Sync Crawls
Crawl a single URL and receive immediate results without creating a background job. Perfect for quick lookups, API integrations, or when you need results right away.
Endpoint
GET /api/v1/crawls/sync
Auth Required
Bearer Token (Private Key)
Max Timeout
120 seconds
Sync vs Async Crawls
Choose the right approach for your use case:
| Feature | Sync Crawls | Async Crawls |
|---|---|---|
| HTTP Method | GET | POST |
| URLs | Single URL only | Multiple URLs, full site crawl |
| Response | Immediate results (200 OK) | Job ID (202 Accepted), poll for results |
| Depth | Single page only | Configurable depth (default: 1) |
| Webhooks | Not supported | Supported |
| Events | Does not emit events | Emits crawl lifecycle events |
| Persistence | No database record | Creates background job in database |
| Use Case | Quick lookups, API integrations | Large crawls, batch processing |
API Endpoint
GET /api/v1/crawls/sync
Parameters
| Parameter | Type | Required | Default | Description |
|---|---|---|---|---|
url | string | Yes | — | The URL to crawl (must be HTTP or HTTPS) |
result_format | string | No | html | Output format: html, text, markdown, or json |
timeout | integer | No | 30000 | Request timeout in milliseconds (max: 120000) |
Usage Examples
Basic Request
curl -X GET "https://your-server/api/v1/crawls/sync?url=https://example.com" \
-H "Authorization: Bearer sk_your_api_key" With Markdown Format
curl -X GET "https://your-server/api/v1/crawls/sync?url=https://example.com&result_format=markdown" \
-H "Authorization: Bearer sk_your_api_key" Custom Timeout
curl -X GET "https://your-server/api/v1/crawls/sync?url=https://example.com&timeout=60000" \
-H "Authorization: Bearer sk_your_api_key" Output Formats
htmlRaw HTML content (default). Returns the full HTML source.

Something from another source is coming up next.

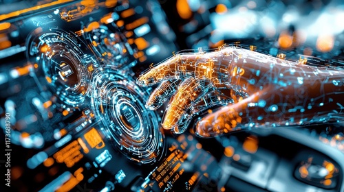 © Irina, Fototapeta premium Futuristic hamster in robotic suit navigates through a neon-lit laboratory filled with high-tech gadgets

textPlain text with HTML tags removed. Clean, readable content.
markdownConverted to Markdown format. Great for AI processing.
jsonStructured JSON with metadata. Full parsing details.
Response Format
Success Response (200 OK)
{
"data": [
{
"url": "https://example.com",
"title": "Example Domain",
"description": "Example Description",
"content": "<html>...</html>",
"content_type": "html",
"status_code": 200,
"response_time_ms": 150,
"content_length": 1256,
"fetched_at": "2024-01-15T10:30:00Z"
}
],
"errors": []
} Error Response
{
"data": [],
"errors": [
{
"url": "https://example.com",
"category": "fetch_failed",
"message": "Connection refused"
}
]
} Error Handling
HTTP Status Codes
| Status | Description |
|---|---|
200 | Success (check errors array for crawl failures) |
401 | Missing or invalid API key |
403 | Public API key used (requires private key) |
408 | Request timeout |
422 | Invalid URL or parameters |
429 | Rate limit exceeded |
Error Categories
| Category | Description |
|---|---|
fetch_failed | Network error (connection refused, DNS failure, etc.) |
robots_blocked | URL blocked by robots.txt |
content_too_large | Response exceeded 10MB limit |
no_result | No response from crawler |
internal_error | Unexpected error during crawling |
Rate Limiting
Sync crawls have a lower concurrency limit than async crawls. The response includes a
Retry-After header when limits are exceeded. Use async crawls for batch operations.
Security Features
SSRF Protection
Mulberry blocks access to internal and private addresses to prevent server-side request forgery:
localhostand127.0.0.0/810.0.0.0/8(private network)172.16.0.0/12(private network)192.168.0.0/16(private network)169.254.0.0/16(link-local)::1(IPv6 loopback)
Content Size Limits
Responses larger than 10MB are rejected with a content_too_large error.
Adjust the timeout parameter as needed for slow-loading pages.
MCP Integration
The sync crawl is also available as an MCP tool for AI agents:
MCP Tool Call
{
"url": "https://example.com",
"result_format": "markdown",
"timeout": 30000
} When to Use Sync Crawls
Use sync crawls when you need immediate results for a single page. For multi-page crawls,
site traversal, or webhook notifications, use async crawls.